Allyn Gibson wrote: View Post

They needed to use the 6-foot for Generations because of the saucer separation, even though it looked more unfinished than the 4-foot model. The 6-foot model had a smooth, unfinished surface, while the 4-foot model had a textured surface that depicted the detail the actual ship would have had.
But that only makes sense for the couple of scenes where the saucer actually separates.

The 6 foot model's smooth surface was not unfinished at all, it was the designer's intent. It's details were incredibly fine and intricate. What you're confusing is the more exaggerated features of the 4 foot model for more detail. On TV screens (in the 1990s) the 6 footer's details don't come across as nicely, so the over-the-top 4 footer translates much more clearly. When you make the move to feature film that's no longer the case.

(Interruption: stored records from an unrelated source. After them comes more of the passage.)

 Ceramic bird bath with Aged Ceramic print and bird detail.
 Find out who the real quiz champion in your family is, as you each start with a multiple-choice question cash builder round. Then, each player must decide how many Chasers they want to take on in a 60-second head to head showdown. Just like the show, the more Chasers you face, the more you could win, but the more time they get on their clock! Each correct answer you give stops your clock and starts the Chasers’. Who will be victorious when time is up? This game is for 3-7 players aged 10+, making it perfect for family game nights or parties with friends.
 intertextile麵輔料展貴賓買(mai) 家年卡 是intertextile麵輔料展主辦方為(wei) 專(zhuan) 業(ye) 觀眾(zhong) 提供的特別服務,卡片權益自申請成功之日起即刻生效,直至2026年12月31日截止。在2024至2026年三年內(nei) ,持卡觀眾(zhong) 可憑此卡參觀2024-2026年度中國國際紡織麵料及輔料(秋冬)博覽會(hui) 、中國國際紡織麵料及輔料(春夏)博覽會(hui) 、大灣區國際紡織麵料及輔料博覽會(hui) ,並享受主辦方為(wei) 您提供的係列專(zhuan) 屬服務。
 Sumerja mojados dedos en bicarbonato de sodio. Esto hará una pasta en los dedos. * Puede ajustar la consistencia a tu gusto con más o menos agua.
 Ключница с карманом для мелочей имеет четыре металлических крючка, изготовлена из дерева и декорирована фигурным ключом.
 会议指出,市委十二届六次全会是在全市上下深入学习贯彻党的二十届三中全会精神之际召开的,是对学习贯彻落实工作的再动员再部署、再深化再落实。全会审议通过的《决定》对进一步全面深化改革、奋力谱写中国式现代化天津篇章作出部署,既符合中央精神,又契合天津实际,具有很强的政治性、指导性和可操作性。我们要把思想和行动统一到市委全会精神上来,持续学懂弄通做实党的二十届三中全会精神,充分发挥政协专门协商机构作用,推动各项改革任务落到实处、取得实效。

Allyn Gibson wrote: View Post

The Excelsior was easier to work with because it was built to ILM's specifications. Even the Reliant model was easier for ILM to work with than the Enterprise model. The Enterprise model had two problems. It was too big for ILM's motion rig and didn't mate well to it. Plus, it had interior lighting that ILM found difficult to work with. ILM never expected to work with the refit Enterprise model again after Star Trek III; to their chagrin, they had to get it out of storage and clean it up for Star Trek IV.
Yes, this is common knowledge, but it has nothing to do with why the Excelsior model was built. The Excelsior model was built because the script for Star Trek III called for the ship to appear.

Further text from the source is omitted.